Some of the science Damore uses to prop up his argument, as Angela Saini points out in The Guardian, is valid; but only insofar as there is a school of neuroscientific thought venturing theories of anatomical differences in men and womens brains. Equally, there is a school of thought dismissing this idea. There are published scientific papers out there to support every possible opinion, Saini states. Science is a slow process, not a growing string of truths.

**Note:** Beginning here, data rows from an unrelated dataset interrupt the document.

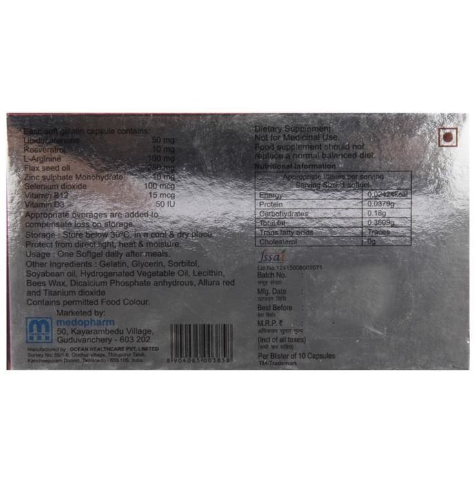 Composition : Linum usitatissimum,Ubidecarenone,Resveratrol,L-Arginine,Flax seed oil,Vitamins
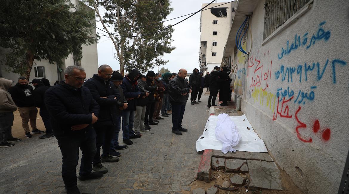 تشييع الشهداء الذين ارتقوا جراء انهيار مبان متضررة من الحرب في يوم شتوي عاصف بمدينة غزة
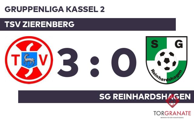 Die SG Reinhardshagen geriet schon in der neunten Minute in Rückstand, als Robin Möller das schnelle 1:0 für den TSV Zierenberg erzielte. Zur Pause war der TSV Zierenberg im Fahrwasser und verbuchte eine knappe Führung. Zum Seitenwechsel ersetzte Jonas Kampf von der SG Reinhardshagen seinen Teamkameraden Christopher Hayn. Der TSV Zierenberg baute den Vorsprung mit der Hilfe des Gegners weiter aus: 2:0 für den Gastgeber durch ein Eigentor der SG Reinhardshagen in der 52. Minute. Ante Grgic gelang in den Schlussminuten noch ein weiterer Treffer für den TSV Zierenberg (85.). Am Schluss schlug der TSV Zierenberg die SG Reinhardshagen mit 3:0.
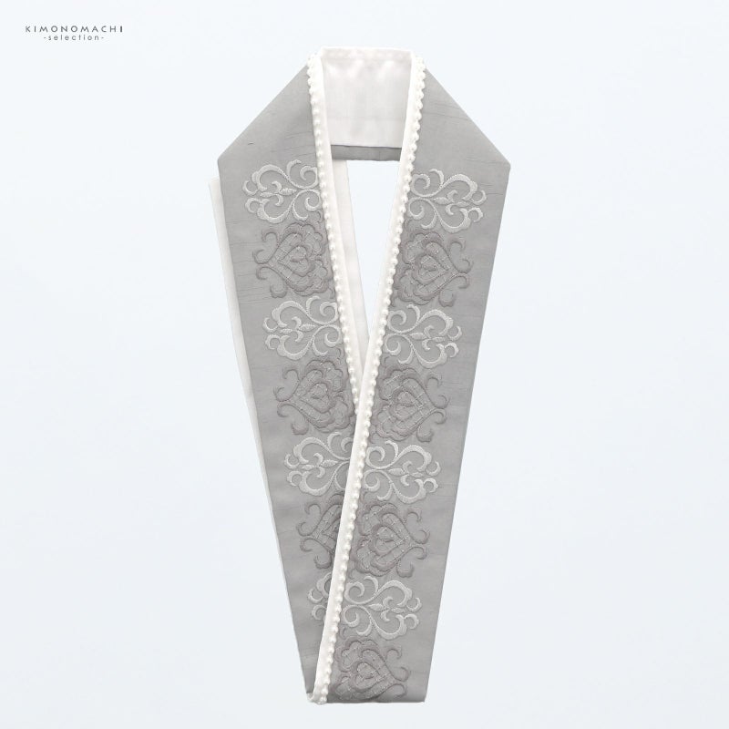 【色柄】グレーの地にベージュグレー、ライトグレーのアラベスク文様が刺繍された重ね衿。白色系のパールビーズ、オフホワイトの縁取り。
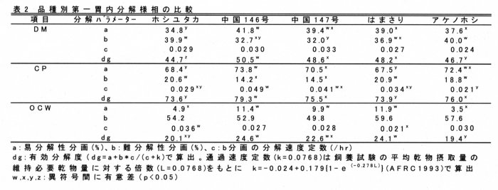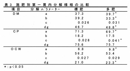 | [成果情報名] | 施肥量の異なる稲発酵粗飼料の第一胃内分解特性 |
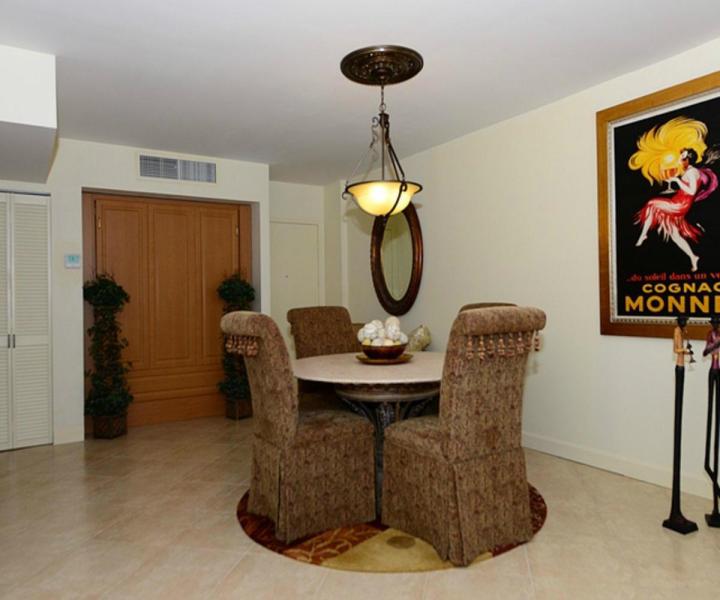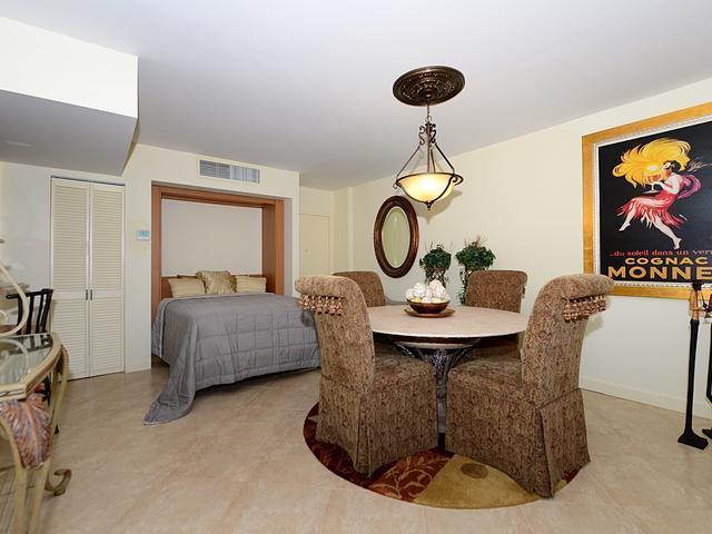 This all inclusive ”As Is” Turn key Condo with Built in Murphy Bed is a must See! Professionally remodeled bright South facing one bedroom, one & one-half bath condo in an Ocean front building with a new Air Conditioner! Custom kitchen cabinets, granite counter & breakfast bar. 18” diagonally set tile flooring in living area. Impact glass windows & door! Built in Murphy bed is located in the dining area & looks like a cabinet when not in use. Furniture, window treatments, wall hangings all included. Great move in ready condo for year round living or Beach get a way! The building has gone through a comprehensive renovation, including plumbing, new roof, concrete restoration & reinforcements as well as beautification of new impact glass railings on all balconies and brand new pool deck!
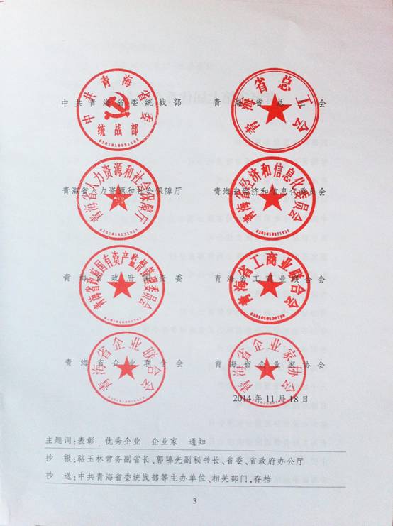 由省委統(tǒng)戰(zhàn)部、省總工會(huì)等8家單位聯(lián)合組織開展的"青海省優(yōu)秀企業(yè)、企業(yè)家"評(píng)選表彰活動(dòng),經(jīng)過多重、嚴(yán)格評(píng)審,青海省物產(chǎn)集團(tuán)總公司榮獲"青海省第七屆優(yōu)秀企業(yè)"稱號(hào)。集團(tuán)及所屬各公司將繼續(xù)發(fā)揚(yáng)成績、再接再厲,進(jìn)一步發(fā)揚(yáng)改革創(chuàng)新精神,不斷開拓市場(chǎng),攻堅(jiān)克難、腳踏實(shí)地、真抓實(shí)干,為實(shí)現(xiàn)物產(chǎn)集團(tuán)科學(xué)穩(wěn)健發(fā)展做出新貢獻(xiàn)。
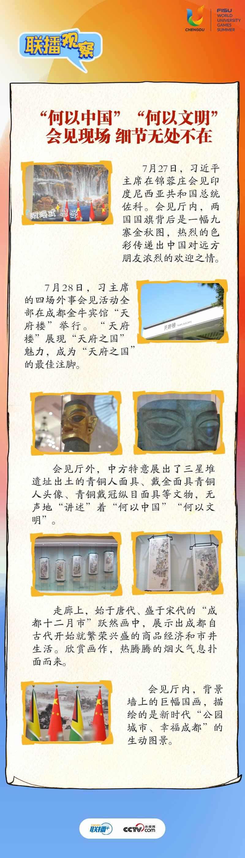 大運會時間,我國重要的主場外交也同步拉開帷幕,習近平主席的日程格外繁忙。央視網《聯播+》帶您沉浸式感受這場青春盛會為世界送出的別具匠心的“四川禮物”。
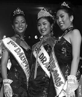 C'est Yvette Cheong (au centre) qui a été élue Miss Dragon 2005. Ses dauphines sont Loanah Chong (à gauche) et Leilani Chand (à droite).
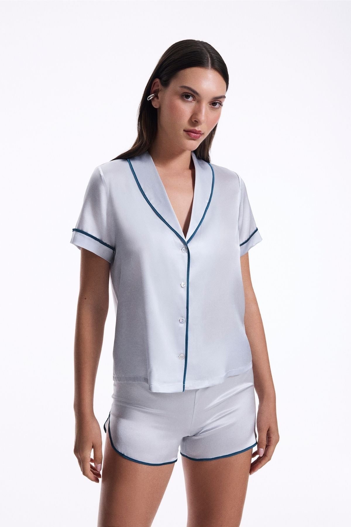 Zarif kontrast biyeli detayları, ipek yumuşaklığı ve şıklığıyla bu takım, her anınıza sofistike bir dokunuş katacak. Konforu ve şıklığı bir arada sunan bu tasarım, lüks ev giyiminin mükemmel örneği.
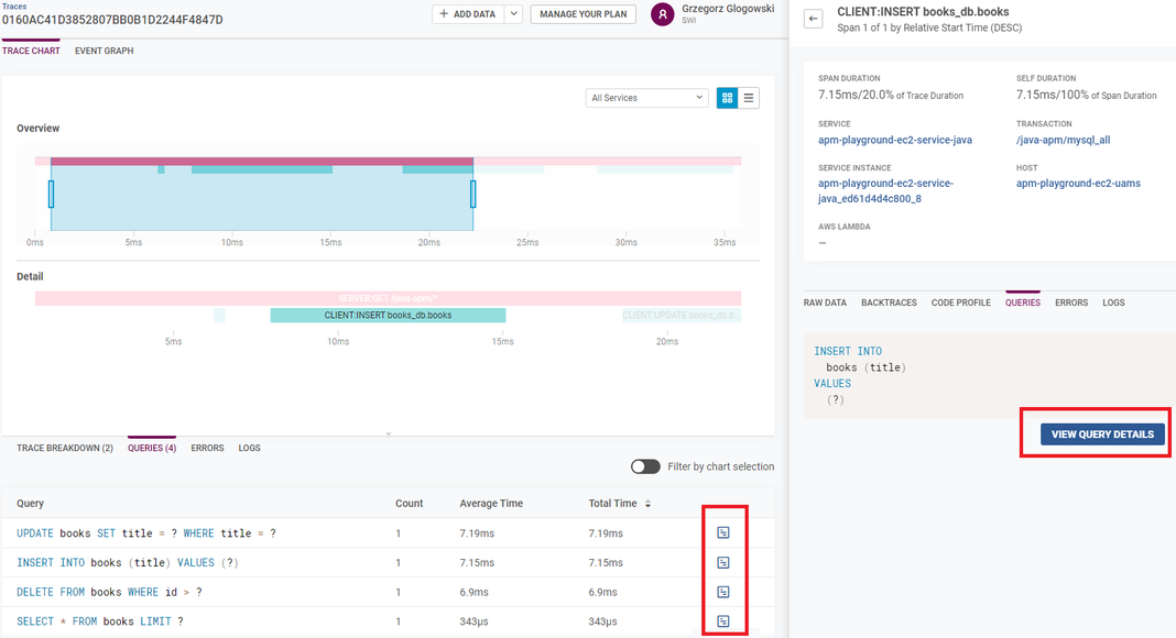 You can drill down from queries traced by the APM module to performance details in the DBO module. You can navigate either to the query in DBO, or to the exact query sample if it is available for the selected trace.

One truth though is that biological determinism has a history of being trotted out to justify sexism and it is problematic for a number of reasons. Damores manifesto portrays women as a product of inherited traits; understanding womanhood as an expressly anatomical concept without social and cultural influence. He needs to heed French intellectual and feminist Simone de Beauvoirs famous line, one is not born, but rather becomes, a woman.

Feminist identity politics are, broadly speaking, concerned with the ways female identity and prescriptive modes of femininity are shaped and constructed. Damores assertions presume gender identity happens in a cultural vacuum.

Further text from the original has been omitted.